Roma İmparatorluğunun ve tüm Avrupa’nın bir dönem dinsel, devlet, hukuk ve yazım dili olarak Latinceyi kullanmış olması boşuna değil. Neredeyse tüm Batı Avrupa dillerinin atası Latince.
Uluslararası İlişkilerde benim en çok hoşuma giden tanımlama “Divide et impera” cümlesi. “Böl ve Yönet” manasında. Romalılardan kalan bir yönetim tarzı mirası. Daha beş yaşında iken bu terimi rahmetlik babamdan duymuştum. Babam bazen “İngiliz Kıbrıs adasını rahatlıkla yönetmek için ‘Böl ve yönet’ sistemini kullanıyor. Osmanlı bunu hiç yapmamıştı, azınlıkları birbirine hiç düşürerek menfaat sağlamak yoluna hiç gitmemişti” derdi.
Çocuk kafam bu cümlede bir hinlik olduğunu seziyordu ama tam olarak babamın ne demek istediğini pek anlayamıyordum.

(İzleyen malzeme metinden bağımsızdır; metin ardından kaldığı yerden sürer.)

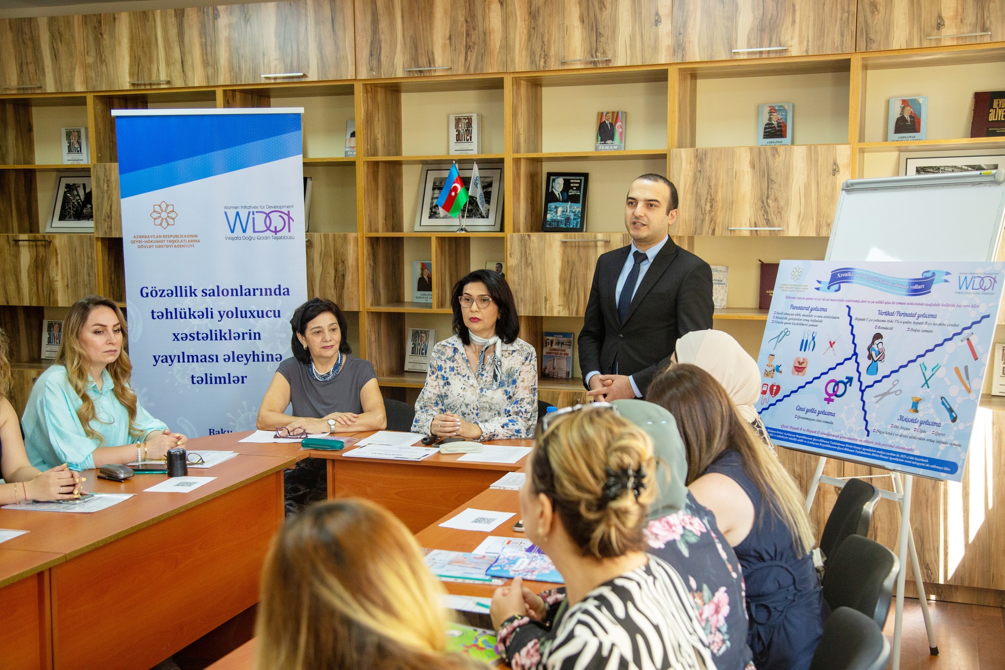 Layihə rəhbəri Ziba Nəbiyeva daha sonra  elektron təqdimat vasitəsilə xroniki  virus hepatitləri və İİV/QİÇS infeksiyaları haqqında əsas bilgiləri, ötürülmə yolları, qorunma qaydaları və profilaktik önləyici tədbirlərin əhəmiyyəti, eləcə də gözəllik salonlarında dərini zədələyə biləcək manipulyasiya alətlərinin dezinfeksiya və sterilizasiyası barədə vacib məlumatları iştirakçılara çatdırıb.

Babamın bahsettiği azınlıklardan bir tanesinin komşumuz Rumlar, diğerinin de biz Türkler olduğunu hiç anlayamamıştım belirli bir yaşa gelinceye kadar.
Benim favorim olan “Divide et impera” cümlesindeki sihirli kelime “impera”.

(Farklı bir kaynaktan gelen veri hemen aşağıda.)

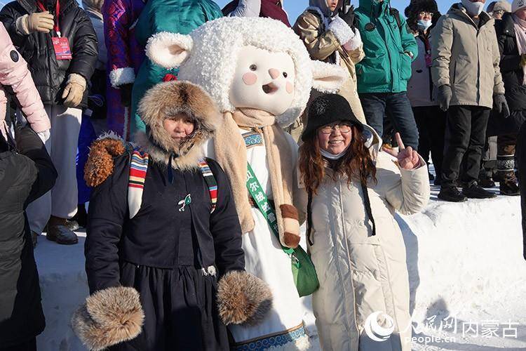 游客和冰雪那达慕吉祥物“呼伦小羊”合影。人民网记者 赵梦月摄

“İmpera” Yönetmek manasında.
“İmperatore”, Yönetici veya Komutan manasında.
“İmperiosis” ise Emperyalist veya Yayılmacı manasında.
Her üç kelime de günümüzde halen yoğun bir şekilde kullanılıyor, özellikle de “Kıbrıs adasının egemenliği” konusunda güncel durumda ve uygulamada.
Türk milleti olarak yaşadığımız son ekonomik krizin Türkiye’den toprak koparmak amaçlı olduğunu algılıyorum içten içten. Koparılmak istenen toprakların arasında Kıbrıs adası da var.
İçine itildiğimiz kriz sanki de yapay.
Türk Lirasının düşmesi ile birlikte Kıbrıs’ta aramızda bulunan Rumların, Avrupa Birliğinin ve ABD’nin paralı görevlileri, siz buna “ajanları” da diyebilirsiniz, hemen organize olup “Tek çözüm Rumlarla birleşip Federasyon kurmak ve AB’ye katılmak” yaygarasına başladılar. Bazı köşe yazarları ve yazılı basın ile onlarca internet sitesi de bu yaygaraya hemen çanak tutmaya başladı. Aralarında “daha çok çalışalım, daha çok üretelim, halkın sırtına yapışmış ve haksız yere maaş çeken sülükleri söküp atalım” diyeni yok maalesef.
Grekofiller ve AB kuyrukçuları için gün doğdu gerçekten.
Kıbrıs adasının 1878 yılında Osmanlı Devleti tarafından İngilizlere kiralanmasından beri yanımızda olan ve her sıkıntımızda bize destek vermiş olan, özgürlüğümüzü, egemenliğimizi ve devletimizi borçlu olduğumuz Türkiye’mizi ve KKTC’yi alabildiğince kötülemeye, Rumları ve AB’yi de yüceltmeye başladılar.
Oynanan oyun bana göre açık ve net.
Nihai hedef, Kıbrıs adasının kuzey topraklarından Türkiye’yi söküp atmak, garantileri kaldırmak, Türk Silahlı Kuvvetlerini gerisin geriye Türkiye’ye göndermek ve adanın tümü üzerinde Protokol 10’u uygulayarak Kıbrıs adasının tümünü AB topraklarına katmak (İmperiosis). Ada çevresindeki doğalgaz’ın ve petrolün tüm kullanım haklarını Güney Kıbrıs Rum Yönetimine (GKRY) bıraktırarak doğalgaz ve petrol üzerinde yönetici (imperatore) olmak.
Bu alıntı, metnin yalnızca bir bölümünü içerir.